Book: Be Holy: A Catholic’s Guide to the Spiritual Life
Author: Father Thomas G. Morrow
St. Anthony Messenger Press. Cincinnati, OH. 2009. Pp. 180

An Excerpt from the Jacket:

If you’re hoping to get to heaven, you’ll need a plan to reach your goal. Do you pray? Give any thought to the virtues? Do works of mercy? And what about the sacraments? Been to confession lately? Are you doing any spiritual reading? This handy manual not only presents all the elements of a successful life, it also helps you incorporate those elements into everyday practice. Be Holy is the guide you need to achieve holiness now and heaven later.

An Excerpt from the Book:

Dryness in Prayer

How often people say to me that they don’t think they are praying as effectively as they ought. I like to mind them of these words of Saint Teresa of Avila: “The Lord doesn’t look so much at the greatness of our works as at the love with which they are done.” Saint Francis de Sales wrote, “We should labor without any uneasiness as to results. God requires efforts on our part, but not success.”

Some people say their prayer doesn’t seem to “go anywhere.” They don’t get that wonderful feeling they used to get in prayer. This should never worry us. At times we all have what is called “dryness” in prayer, or prayer with no consolation. Unfortunately some individuals withdraw from prayer when this happens. But this is wrong. We should pray all the harder when everything is dry, knowing that we receive that much more grace when we do.

Saint Francis de Sales wrote regarding prayer: “If [God} consoles me I kiss the right hand of His mercy. If I am dray and distracted, I kiss the left hand of His justice.” And Saint Therese said that she could expect heaven because she prayed when all seemed dark and arid.

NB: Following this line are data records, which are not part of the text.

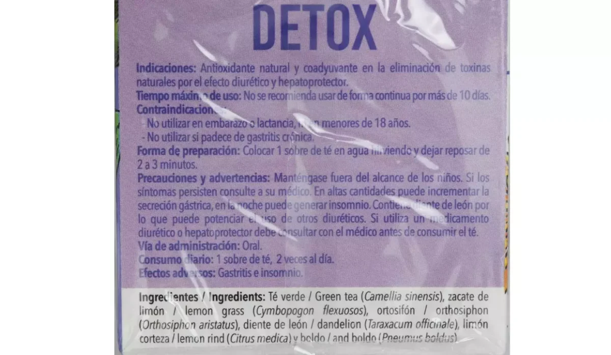 - Té verde, zacate de limón, diente de león, limón corteza y boldo.
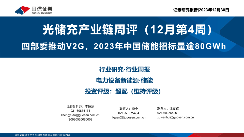【国信证券】【20231230】光储充产业链周评(12月第4周):四部委推动V2G,2023年中国储能招标量逾80GWh-27页
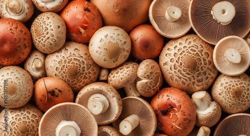 Fototapeta premium Abundant variety of fresh, earthy mushrooms ready for culinary creation and healthy eating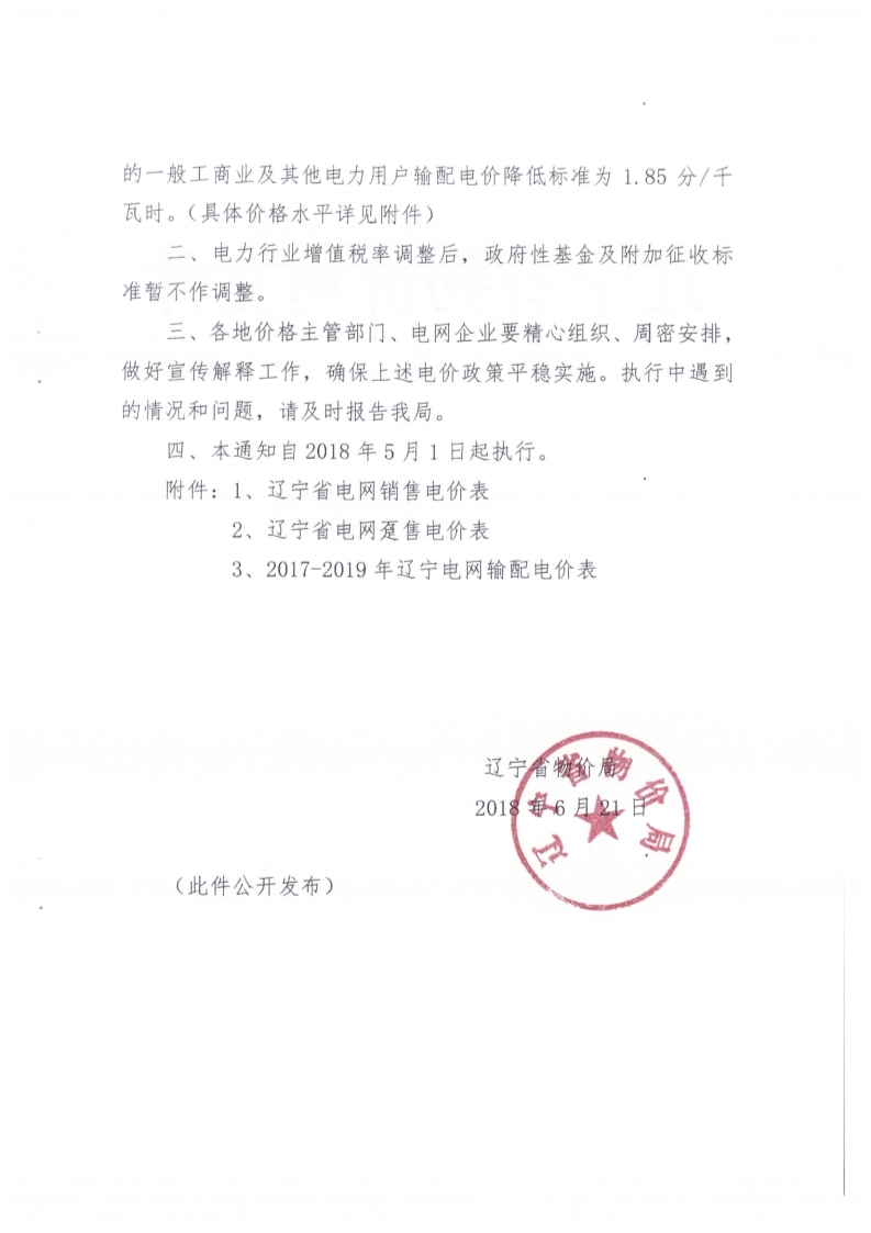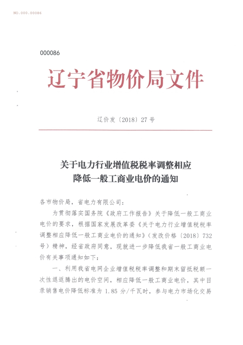 附件3:《關于電力行業(yè)增值稅稅率調整相應降低一般工商業(yè)電價的通知》(遼價發(fā)【2018】27號)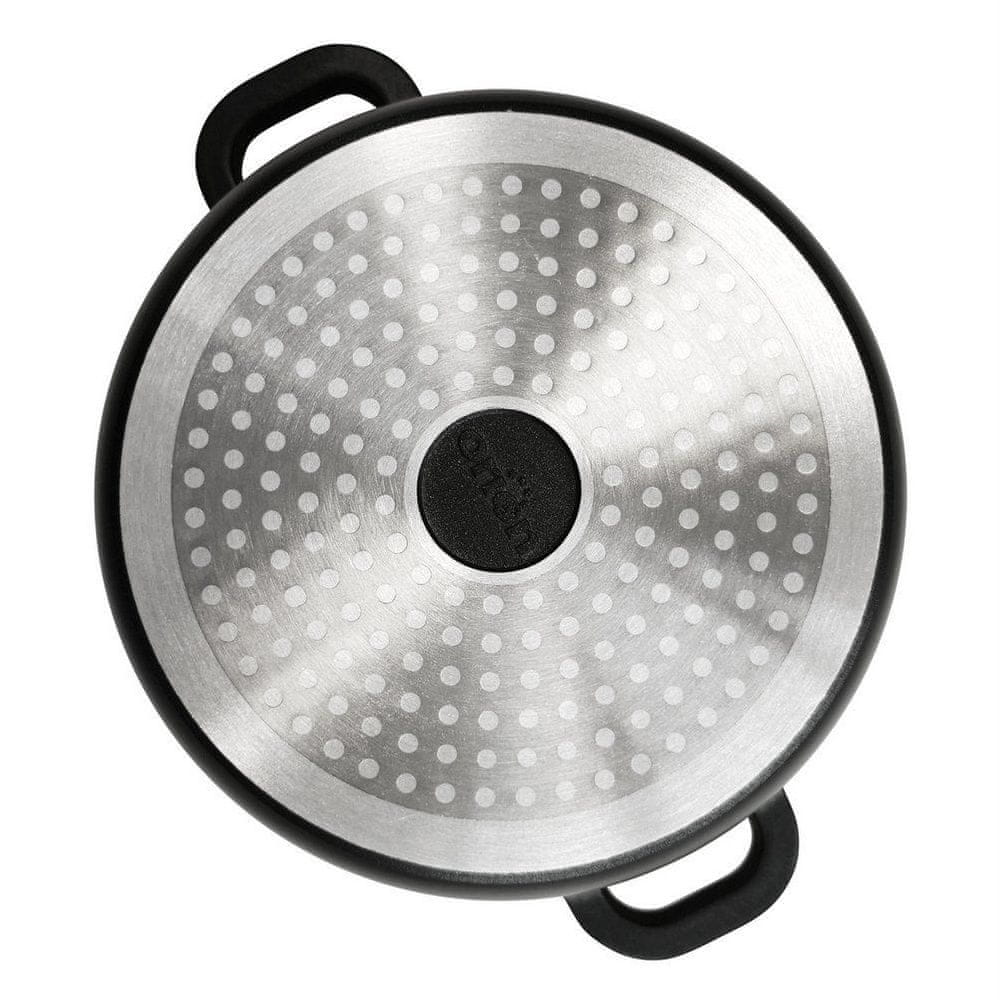 Lonec s premazom proti prijemanju, opremljen s pokrovom in odprtino za paro. Ta lonec je odličen za kuhanje in dušenje, v njem pa lahko pripravite različne jedi, juhe in omake. Premaz proti prijemanju omogoča enostavno pripravo obrokov z minimalno količino maščobe. Izgleda impresivno v kuhinji in pri serviranju jedi neposredno na mizi. Ponujamo tudi drugo posodo iz serije GRANDE. Originalni izdelek češke blagovne znamke Orion. Izdelano v skladu z evropskimi standardi.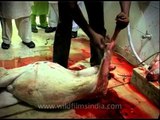 If you are weak hearted then you must be warned. This video shows a goat being sacrificed for Eid. Its an Islamic tradition to sacrifice Goat on Eid in the name of God! This is shot in Delhi. <br /><br />This footage is part of the professionally-shot broadcast stock footage archive of Wilderness Films India Ltd., the largest collection of imagery from South Asia. The Wilderness Films India collection comprises of thousands of hours of high quality broadcast imagery, mostly shot on HDCAM 1080i High Definition, HDV and XDCAM. Write to us for licensing this footage on a broadcast format, for use in your production! We are happy to be commissioned to film for you or else provide you with broadcast crewing and production solutions across South Asia. We pride ourselves in bringing the best of India and South Asia to the world... Reach us at wfi @ vsnl.com and admin@wildfilmsindia.com.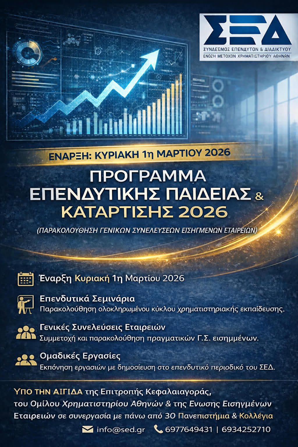 Ο Σύνδεσμος Επενδυτών & Διαδικτύου διοργανώνει για 12η συνεχόμενη χρονιά, το «Πρόγραμμα Επενδυτικής Παιδείας & Κατάρτισης 2026», υπό την αιγίδα της Επιτροπής Κεφαλαιαγοράς, του Ομίλου Χρηματιστηρίου Αθηνών & της Ένωσης Εισηγμένων Εταιρειών.

Why does God permit us to suffer dryness in prayer? Why doesn’t He reward us with consolations every time we pray?

In withdrawing consolations God is asking us, “Do you love Me or My consolations?” He wants to see if we will love Him as spouses promise to love, “in good times and in bad.” Saint Francis de Sales tells us to seek not the consolations of God but the God of all consolations.

Table of Contents:

Part One: Motivations for Holiness

1. The delight of heaven: the divine marriage

2. The reality of hell

3. The suffering of purgatory

4. The pursuit of happiness

Part Two: The life of Grace

5. The foundation: prayer

6. Beginning prayer

7. Spiritual reading

8. Meditation and contemplation

9. Difficulties in prayer

10. Commitment to prayer

11. The sacrament of penance

12. The mass, “source and summit of the Christian life”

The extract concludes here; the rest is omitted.